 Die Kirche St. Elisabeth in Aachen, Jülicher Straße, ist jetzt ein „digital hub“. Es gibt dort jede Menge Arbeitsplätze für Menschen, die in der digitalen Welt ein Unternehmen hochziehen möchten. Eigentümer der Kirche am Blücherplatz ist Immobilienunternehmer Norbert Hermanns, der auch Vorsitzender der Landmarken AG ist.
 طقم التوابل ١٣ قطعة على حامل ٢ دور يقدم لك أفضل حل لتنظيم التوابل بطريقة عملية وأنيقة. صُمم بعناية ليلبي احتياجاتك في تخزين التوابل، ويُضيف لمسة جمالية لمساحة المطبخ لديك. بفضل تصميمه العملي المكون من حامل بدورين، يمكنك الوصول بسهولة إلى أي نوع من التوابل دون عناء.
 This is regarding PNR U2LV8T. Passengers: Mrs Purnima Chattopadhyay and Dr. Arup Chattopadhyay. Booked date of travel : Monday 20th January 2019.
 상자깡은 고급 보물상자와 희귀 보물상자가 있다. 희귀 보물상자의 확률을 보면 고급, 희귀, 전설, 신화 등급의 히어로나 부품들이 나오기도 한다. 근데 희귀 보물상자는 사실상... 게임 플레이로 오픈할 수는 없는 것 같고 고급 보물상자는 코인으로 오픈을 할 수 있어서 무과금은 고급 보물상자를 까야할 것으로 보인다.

...

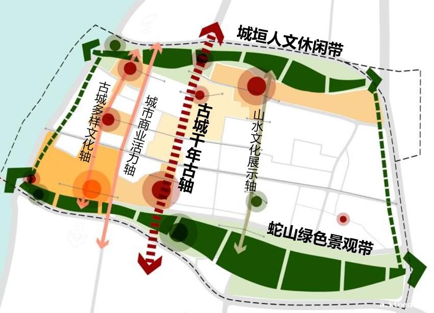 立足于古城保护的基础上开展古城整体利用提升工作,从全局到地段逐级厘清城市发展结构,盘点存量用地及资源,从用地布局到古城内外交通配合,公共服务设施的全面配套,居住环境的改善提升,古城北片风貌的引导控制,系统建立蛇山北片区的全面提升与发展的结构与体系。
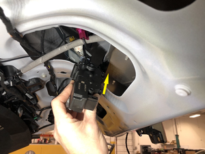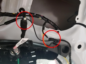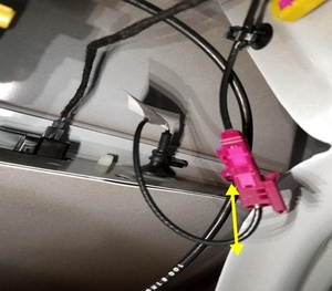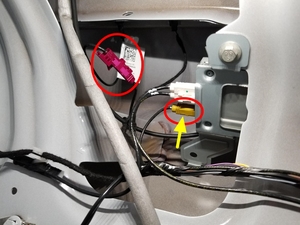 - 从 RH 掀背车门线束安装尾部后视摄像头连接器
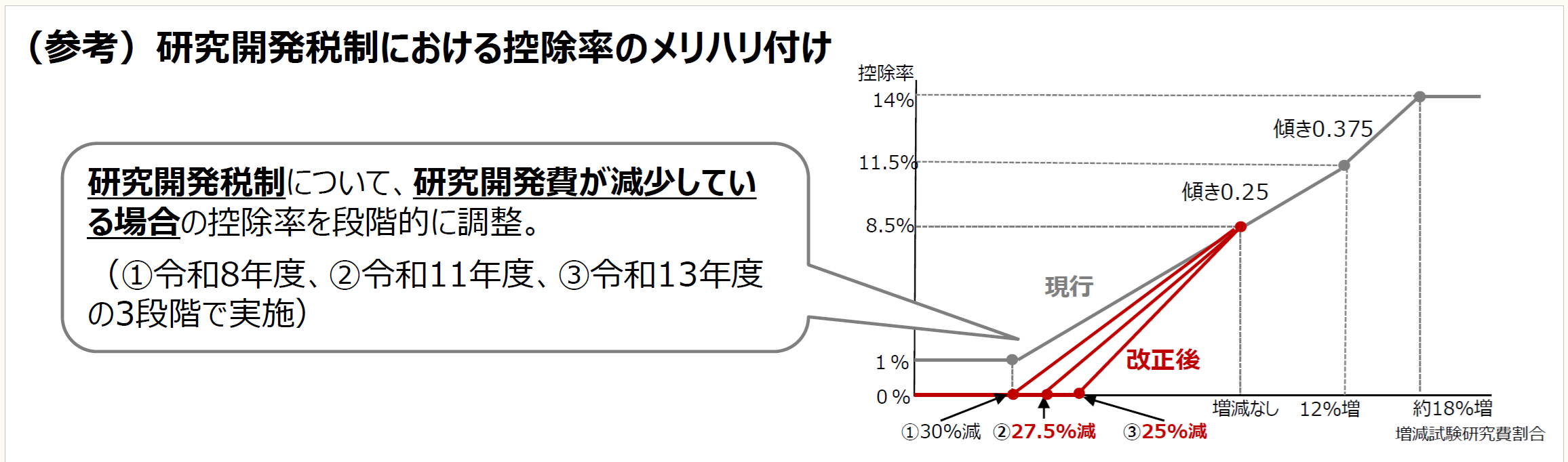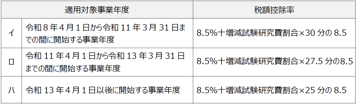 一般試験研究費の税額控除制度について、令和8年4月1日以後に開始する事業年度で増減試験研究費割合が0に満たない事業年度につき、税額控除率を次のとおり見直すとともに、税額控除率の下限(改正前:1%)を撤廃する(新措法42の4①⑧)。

WHAT THIS TASK INVOLVES
Print only what lies in the material above starting at the line with "Die Kirche St." and ending at the line with "상자깡은 고급 보물상자와", every line exactly as given.

ANSWER BOX
 Die Kirche St. Elisabeth in Aachen, Jülicher Straße, ist jetzt ein „digital hub“. Es gibt dort jede Menge Arbeitsplätze für Menschen, die in der digitalen Welt ein Unternehmen hochziehen möchten. Eigentümer der Kirche am Blücherplatz ist Immobilienunternehmer Norbert Hermanns, der auch Vorsitzender der Landmarken AG ist.
 طقم التوابل ١٣ قطعة على حامل ٢ دور يقدم لك أفضل حل لتنظيم التوابل بطريقة عملية وأنيقة. صُمم بعناية ليلبي احتياجاتك في تخزين التوابل، ويُضيف لمسة جمالية لمساحة المطبخ لديك. بفضل تصميمه العملي المكون من حامل بدورين، يمكنك الوصول بسهولة إلى أي نوع من التوابل دون عناء.
 This is regarding PNR U2LV8T. Passengers: Mrs Purnima Chattopadhyay and Dr. Arup Chattopadhyay. Booked date of travel : Monday 20th January 2019.
 상자깡은 고급 보물상자와 희귀 보물상자가 있다. 희귀 보물상자의 확률을 보면 고급, 희귀, 전설, 신화 등급의 히어로나 부품들이 나오기도 한다. 근데 희귀 보물상자는 사실상... 게임 플레이로 오픈할 수는 없는 것 같고 고급 보물상자는 코인으로 오픈을 할 수 있어서 무과금은 고급 보물상자를 까야할 것으로 보인다.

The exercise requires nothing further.